ASSIGNED TASK →
Some lines in the entries contain the word "learn". Copy all of them.

+ + +

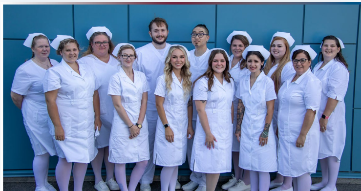
CiTi Practical Nursing graduates pictured above.

The Center for Instruction, Technology & Innovation congratulated six new Dental Assisting graduates and 13 Practical Nursing graduates at recent graduation ceremonies.
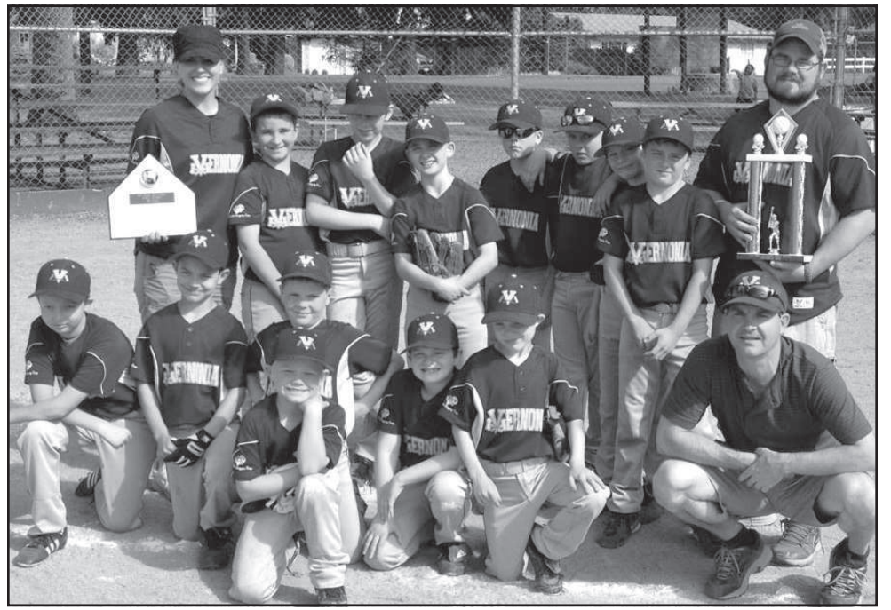
The Vernonia Midgets took 2nd place and won the Sportsmanship Trophy at the 2012 Banks Tournament this season.

Fireworks!!-- Don't forget to stop by and support Junior Baseball at their fireworks stand this year. They will be
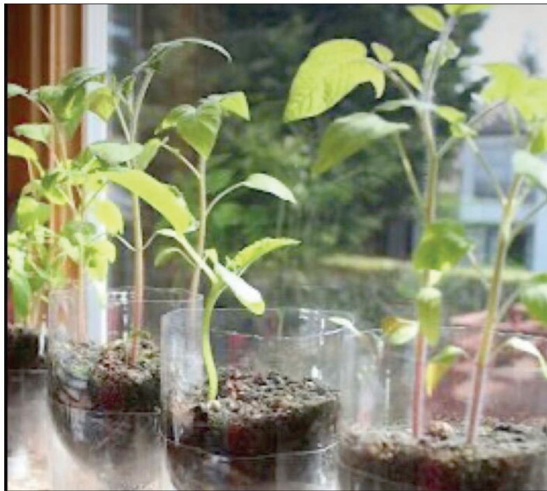
Kids will learn how to recycle, reduce and reuse in a workshop that begins June 15 at Pendleton Center for the Arts.

Kids now have full access to the PCA's art materials and studio space, inspiring them to explore art independently through open-ended drawing, painting and collage, or anything their imagination designs. The emphasis is on creative learn-
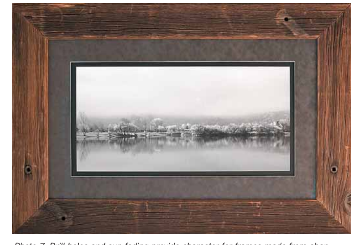
Photo 7: Drill holes and sun fading provide character for frames made from abandoned telephone pole cross arms from the desert.

my specifications (22-1/8"x26-1/8"), I was able to mount the photos, cut the mats, and assemble the package in preparation for the frames. The glass was not cut until the frames arrived to verify size for final fitting.
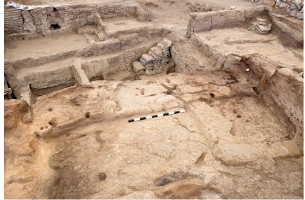
Figure 16.12. Northeast-facing photograph showing overview of benches and platforms in the northeastern corner of Sp.365, including F.3454, F.3457 and F.3547, post scar F.3451 and the north-central platforms, F.3455 and F.3459.
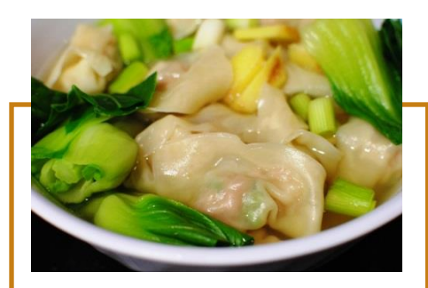
S3. Wonton Vegetable Soup Soup prepared with wontons (chicken filling) and vegetables in a clear chicken broth No Noodle With Noodle $7.95 $8.95

Choices of Meat Chicken Shrimp Seafood $8.95 $9.95 $10.95 Served in Hot Pot
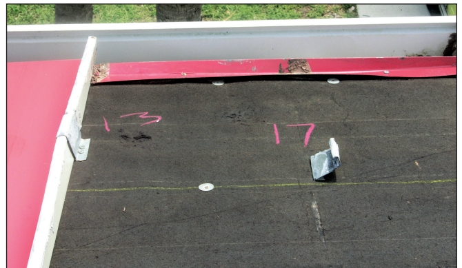
Figure 4. These eave clips were too far from the panel ends. The clip at the left was 13" from the edge of the deck. The other clip was 17" from the edge. It would have been prudent to install double clips along the eave.
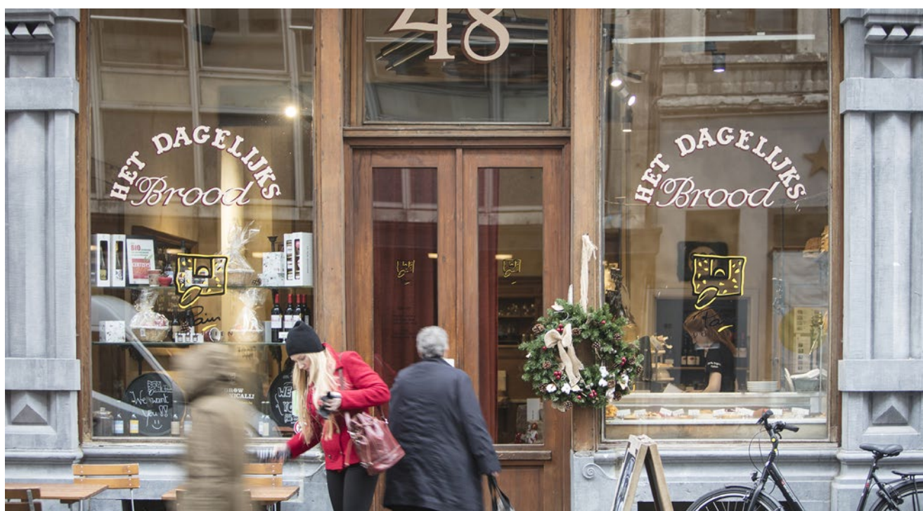
Antwerp Steenhouwersvest • Le Pain Quotidien

The fair value of these two retail properties together amounts to € 10.2 million.
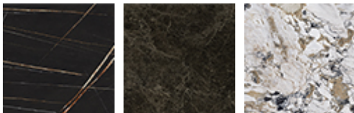
KM09 Sahara Noir brillant
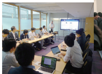
▼ Exchange of opinions with researchers at IRT SystemX (France)*
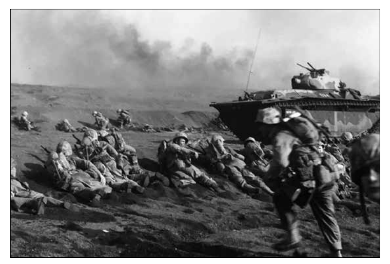
U.S. Marines of 2d Battalion, 27th Regiment, wait to move inland on Iwo Jima, soon after going ashore on 19 February 1945. An LVT(A)-5 amphibious tractor is in the background.

+ + +

OUTPUT →
Kids will learn how to recycle, reduce and reuse in a workshop that begins June 15 at Pendleton Center for the Arts.
Kids now have full access to the PCA's art materials and studio space, inspiring them to explore art independently through open-ended drawing, painting and collage, or anything their imagination designs. The emphasis is on creative learn-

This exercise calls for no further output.